8 – Les forces de l’ANP hors de nos frontières
Fait nouveau dans les mœurs et pratiques du pays dans sa politique étrangère. Quoique la devise diplomatique reste de mise : pas d’ingérence dans les affaires internes de pays tiers. Depuis l’indépendance, l’Algérie s’est toujours gardée de s’ingérer dans les affaires des pays étrangers et l’ANP n’intervient jamais à l’extérieur quels que soient les bouleversements qui se produisent près de chez nous où ailleurs. L’héritière de l’ALN se contente de sécuriser nos frontières.
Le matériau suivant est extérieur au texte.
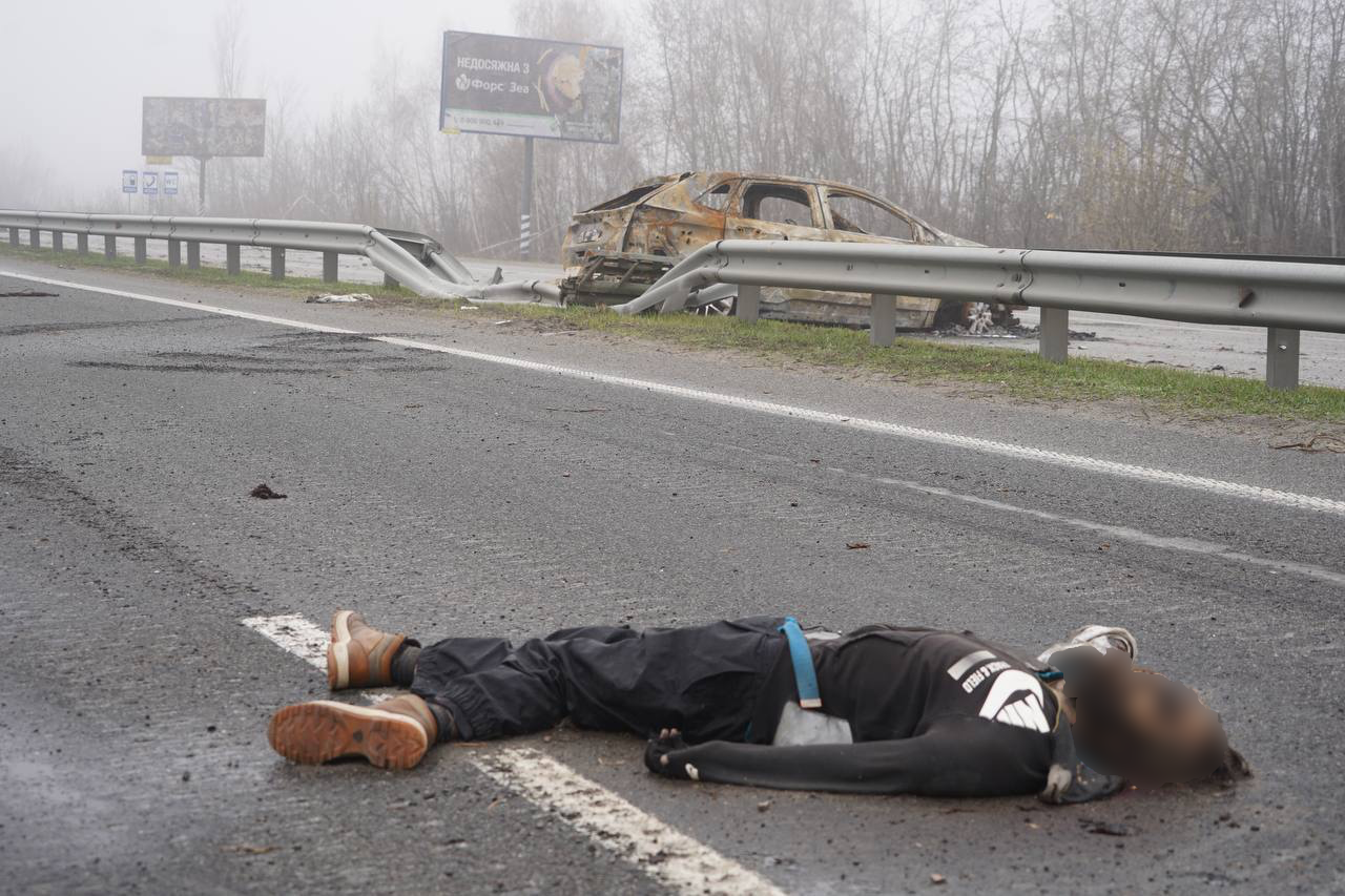 Людей, которые пытались выехать из Житомира в Киев, расстреливали и сжигали прямо на трассе. Фотографии убитых опубликовали украинские СМИ. Информацию The Insider подтвердил глава поселка Дмитровка Тарас Дидич. По его словам, российские военные убивали людей в 25 километрах от украинской столицы на границе сел Мила и Мрия по направлению из Житомира в Киев, где справа находится отельно-ресторанный комплекс «Бабушкин сад», а слева — заправки. Это подтверждается сверкой фотографий, сделанных после убийств, и фото этой местности на Google-картах. Дидич сообщил The Insider, что обнаружено не менее 29 тел.

À la lumière de la nouvelle Loi fondamentale du pays, les troupes de l’ANP peuvent être envoyée hors des frontières du pays pour une mission de maintien de la paix. Cette disposition à beaucoup prêté à confusion, ce qui a nécessité l’intervention de plusieurs spécialistes pour éclaircir la démarche. À vrai dire, l’Armée nationale populaire intervient une fois le conflit armé terminé. Autrement dit, dans des Missions de maintien de la paix (MMP) après signature d’un accord de cessez-le feu entre les belligérants. Cette entrée en action de nos soldats permettra également de mieux sécuriser nos frontières, et de s’affirmer sur le plan régional et international, selon des spécialistes et acteurs politiques. En fait, l’Algérie a participé à ce genre de missions et même à plusieurs reprises par le passé. Le chef de l’État, qui veut jouer la transparence envers son peuple, lui a donné un caractère officiel et ne veut rien cacher à ses concitoyens. Il a constitutionnalisé la démarche contrairement à ses prédécesseurs. Quant au reste, c’est au seul peuple souverain que revient le dernier mot sur le projet de Constitution.